President Obama has proposed a bill to allow anyone to unlock a cell phone that they already own.  This should be just the beginning of a trend toward freeing patents and copyrights and other Intellectual Property from the hellish trap they have fallen into.  Instead of serving their original purpose, to end millennia of secrecy and lure creative people into sharing their innovations, they have become tools for constraining and limiting use, even of things that you rightfully own. I do not oppose IP or patents or copyrights!  We do need to remember what they were for. Here's an essay going into some detail.  For even more of the basic concept, see: The Transparent Society: Will Technology Make Us Choose Between Privacy and Freedom? 
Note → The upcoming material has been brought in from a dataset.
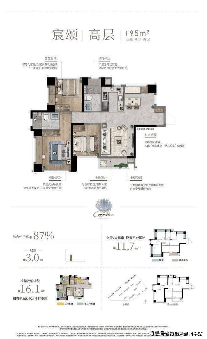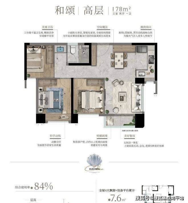 作为会展新城首个四代宅项目,海上雅颂主推78-132㎡三至四房,覆盖刚需、改善需求,整体得房率约84-107%。其中,高层层高约3米,四代宅层高约3.1米,整个空间感会更通透。

For decades, "phage therapy" was  a realm of medicine that always seemed to glimmer on the tantalyzing horizon. Pursued mostly by Soviet scientists, the notion was to find viruses that would preferentially infect and kill the kinds of microbes that are parasites on humans. There is even a variety that attacks human cancer cells preferentially. An oncolytic virus is a virus that infects and kills cancer cells without damaging healthy tissue.  In science fiction, the concept of an oncolytic virus was first introduced to the public in Jack Williamson's 1951 novel Dragon's Island. Alas, this field hovered at the edge of proved practicality… until (apparently) right now. In response to encouraging clinical trials. For example, Amgen purchased the oncolytic virus company BioVex for $1 billion in January 2011. And more recent news suggests a phage will soon be attacking melanomas in people.  Hopefully without the results seen in the Hollywood film I Am Legend.


== And finally … ==

V. H. P. Louzada and colleagues appear to be endorsing my kind of human. "Here we propose the use of contrarians to suppress undesired synchronization."  Yes, they are talking about damping wild swings in neuronal networks, but the same wisdom can apply in societies.

See?  I told you folks it was wise to put up with ornery bastards!  Dogmas and polarized “sides” are a sure sign of diminished brain capacity.  Criticize everything. Even your allies. Especially yourself.